Hi, I am not very experienced and I am having trouble with my Amazon Swords, Echinodorus Bleherae(i) (Paniculatus). They have been in the tank for 2 months+, they produce new shoots but will not gain any height and the real problem is they they begin to show necrosis, (SEE PHOTO NECROSIS). I have a low tech tank: details are: Juwel Vision 180L, Lighting 2x35W T5 tubes 7 hours/day, Substrate:  Caribsea Eco-Complete, Filtration:  Juwel supplied Bioflow 3 internal (1000 lph) plus Eheim Ecco pro 200 external (600 lph).

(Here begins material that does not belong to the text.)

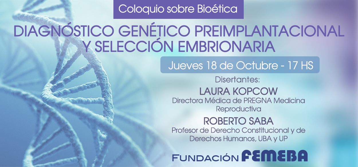 Actividad dirigida al público en general y a las comunidades médicas y jurídica en particular, para informar, reflexionar y debatir sobre los problemas científicos, éticos y legales del diagnóstico genético y la selección de los embriones humanos a ser transferidos en las técnicas de reproducción médicamente asistida.

The tank has 34 fish and approximately 150 plants (SEE PHOTO TANK). Ferts: 15ml TNC complete/week plus 3ml Easycarbo/week. I did double this dosage for a few weeks to see if it made a difference but it didn’t seem to. So I am now back to 15ml/3ml. I would like to get back to no Easycarbo.

Has anyone see this with Amazon Swords or know why they are doing so poorly.  I have had Swords in the past and they grew like cabbages. So, I am at a loss with these plants. Any advice or guidance would be greatly appreciated. Cheers, David


----------



## PARAGUAY (21 Jul 2018)

I think you have the comon Amazon,which is a greedy feeder and may need more fertiliser. Feeding daily rather than weekly maybe and add some slow release root tablets from TNC, I am not the best at deficiency accuracy and tend to just increase fertiliser.


----------



## drjack (22 Jul 2018)

okay, thank you, I will give that a try


----------



## Lee iley (8 Sep 2018)

Yes paraguay is correct I had the same amazon swords as you have and they are heavy root feeders. I had same problem at first I fed liquid fertiliser every day plus had a soil base for them and put root tabs in also. I out the tabs in the substrate were the plants roots are 1 tab to every plant and they soon perked up and grew huge. Hope this helps. Cheers Lee.


----------



## john dory (8 Sep 2018)

I think you have too much light.
I've grown these in plain sand,with just a weekly dose of tnc complete.
They did very well under a single t8.


----------



## Oldguy (8 Sep 2018)

Try either less light or more CO2.


----------